When he was in liquor he would reveal the true thoughts that burnt silently within him and longed for utterance. “Heathen, me! forsooth, ah! ah! measly, white-faced goat!” he would shout when the missionary approached him. “Bring forth the mealie broth and rum, that I may toast these white skunks speedily to their hell!” And saying that he would turn his dark, wrinkled face to the blue tropical sky and lift his war-club, and off rushed his womenkind from the kraal to do his bidding.
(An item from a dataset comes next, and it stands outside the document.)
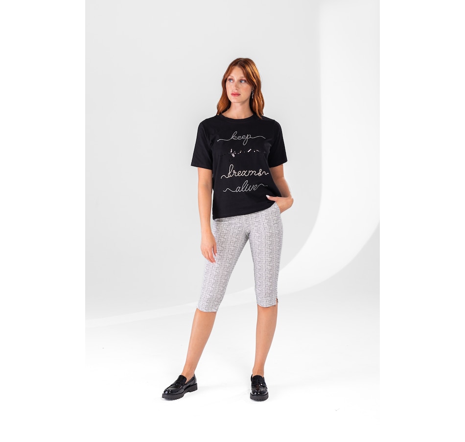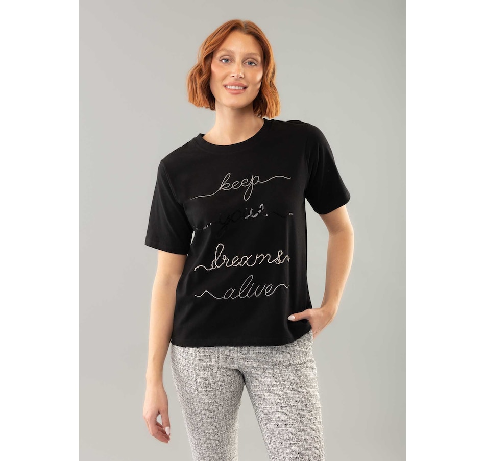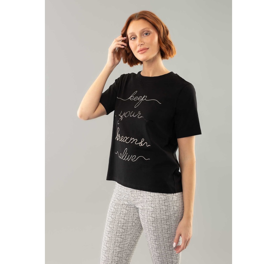 • Pull-on design, Amari t-shirt with sequin embroidery writing

Then he would turn to the white missionary, who stood with his broad-brimmed Panama hat tilted forward to hide the grin on his lips, and thunder forth, his big black lips fairly flopping with drunken passion: “Who is this white God that you prate about? Liar! Show me this one shadow that is better than my fifty gods! Show me Him, and I will crush Him as I do this struggling flea!” and saying this he pulled his dirty blanket the tighter round him and then held up to our gaze a flea between his thumb and forefinger. Then, with a sneer on his lips and much blasphemy, he would continue: “Give up my fifty gods and trust to one indeed!” and then down he would crash his club, as all his old wives, squatting by the kraal, quivered in their skins. “Ah! ah!” he said, and his bright eyes winked humorously at the harem queen, a dusky beauty as black and bare as starlit night swathed in a wisp of vapour; “pass me the bowl full, filled to the rim, mind you.” Then he would smack his big lips together and mutter: “Tribesmen, the white man’s rum speaks more truth than his God of lies.” The foregoing gives a pretty fair example of the real character of those old native chiefs and kings, who still cling to their old beliefs and yet profess Christianity in much the same manner as they do in the islands of the South Seas.

My friend and I were always on the move, sometimes riding and at other times walking. We tramped along jungle track for many miles and often passed natives who came by us in their primitive caravans. We would wave our hands to them and watch them go out of sight; for the tracks wind along by deep gullies, swamps and impenetrable forest lands.